Le financement durable est crucial pour la transition vers la neutralité carbone et ne peut pas reposer uniquement sur les fonds publics. L’UE travaille avec les parties prenantes pour mobiliser l’investissement privé tout en adoptant une approche réglementaire proportionnée. En réponse aux préoccupations concernant la lourdeur administrative, l’UE ajuste ses réglementations financières pour soutenir la croissance. Cette initiative réduira la charge administrative des entreprises de 25 %, et d’au moins 35 % pour les PME, d’ici à la fi n du mandat. La révision du reporting en matière de durabilité dans le cadre de la directive sur les rapports de durabilité des entreprises (CSRD) et de la taxonomie européenne réduira considérablement les obligations déclaratives, en se concentrant sur les grandes entreprises ayant l’impact environnemental le plus significatif. Cette simplification insufflera une nouvelle dynamique dans la modernisation de l’économie européenne en encourageant davantage d’investissements privés.

Par ailleurs, la réforme du mécanisme d’ajustement carbone aux frontières (MACF) introduit un seuil supprimant les obligations pour 90 % des importateurs, principalement des PME, tout en couvrant toujours plus de 99 % des émissions. En réduisant les coûts de mise en conformité et les charges réglementaires, ces ajustements améliorent l’efficacité tout en alignant les flux financiers sur les objectifs climatiques.

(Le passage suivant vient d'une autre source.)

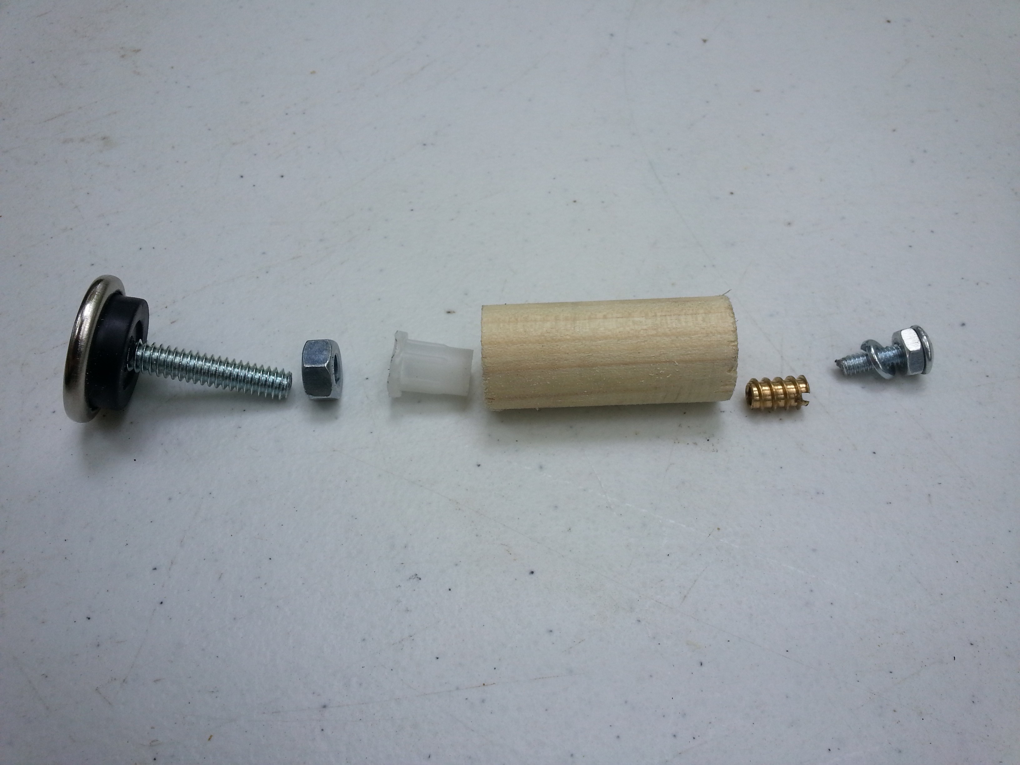 Here is a quick and simple set up for a z-axis adjustable bed. This is something I just came up with to start with as I learn about the machine and will probably do something better later on. Materials: (4) adjustable furniture glides, (4) 1/4" hex nuts, 3/4" dia wooden dowel rod, (4) #8-32 brass wood insert lock nuts, (4) #8-32 x 1/2" machine screws and associated washers and lock washers.
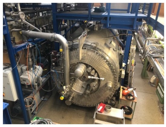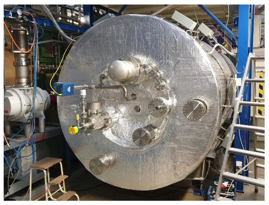 The TIMO (test facility for the ITER model pump) facility at KIT was established more than 20 years ago for the testing of large cryogenic pumps for ITER [8]. Today, it is still the perfect facility for the large testing of pump units requiring a significant amount of hydrogen throughput. It offers a 10 m3 cylindrical vessel of ~1.7 m inner diameter and a hydrogen inventory certification up to 20 mol. A schematic diagram, showing the most important subsystems, is given in Figure 6. Figure 7 shows TIMO looking on its main flange after the installation of the NEG pump, but before the installation of all of the connections. Figure 8 shows the bird’s eye view of the facility and Figure 9 shows the open TIMO vessel during the NEG pump installation.
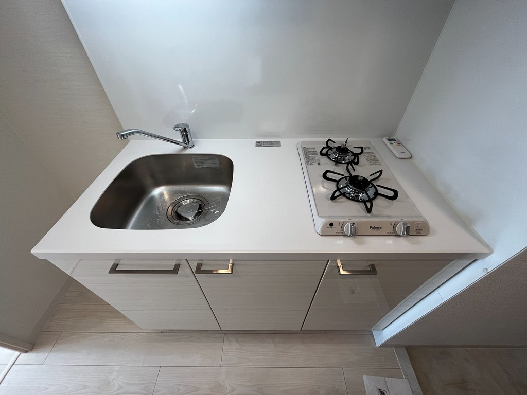 システムキッチンは、ガス対応のコンロ2口が付いております!
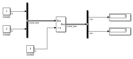 Используйте блок Bus Assignment, чтобы присвоить значения сигнала к элементам шины. Измените значения элемента шины, не добавляя блоки Создателя Селектора и Шины Шины, чтобы выбрать элементы шины и повторно собрать их в шину.
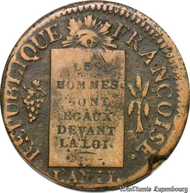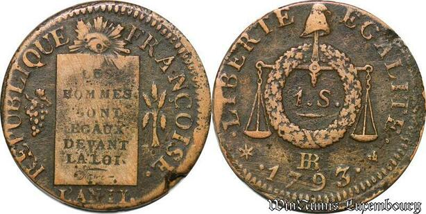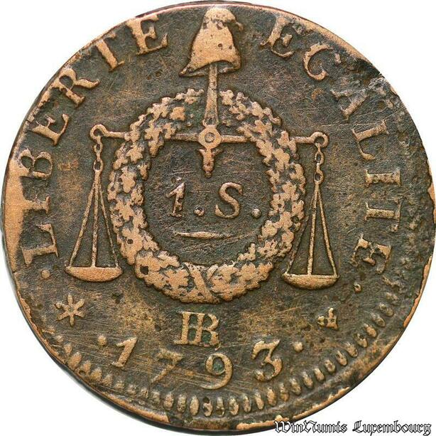 S5678 Rare France Convention 1 Sol aux Balances 1793 BB Strasbourg Table 100% Lisible

Le Pacte industriel vert démontre que l’action climatique et la croissance économique ne sont pas incompatibles. Investir dans des industries bas carbone et neutres en carbone favorise la création d’emplois et l’innovation technologique, tandis que l’indépendance énergétique renforce la résilience économique. Cependant, des défis de taille demeurent. Les décideurs doivent trouver un équilibre entre des réglementations environnementales ambitieuses et la compétitivité des entreprises. Assurer une transition équitable dans toutes les régions sera également crucial, car certaines industries et communautés devront supporter des coûts d’adaptation plus élevés que d’autres.

L’Europe a longtemps été à l’avant-garde de l’action climatique, mais maintenir ce leadership nécessite un engagement constant. La prochaine proposition d’objectif climatique pour 2040 visera à réduire les émissions de gaz à effet de serre de 90 %. En associant des politiques ambitieuses à une base industrielle solide, l’Europe peut atteindre ses objectifs de décarbonation et de compétitivité, et établir une nouvelle référence mondiale.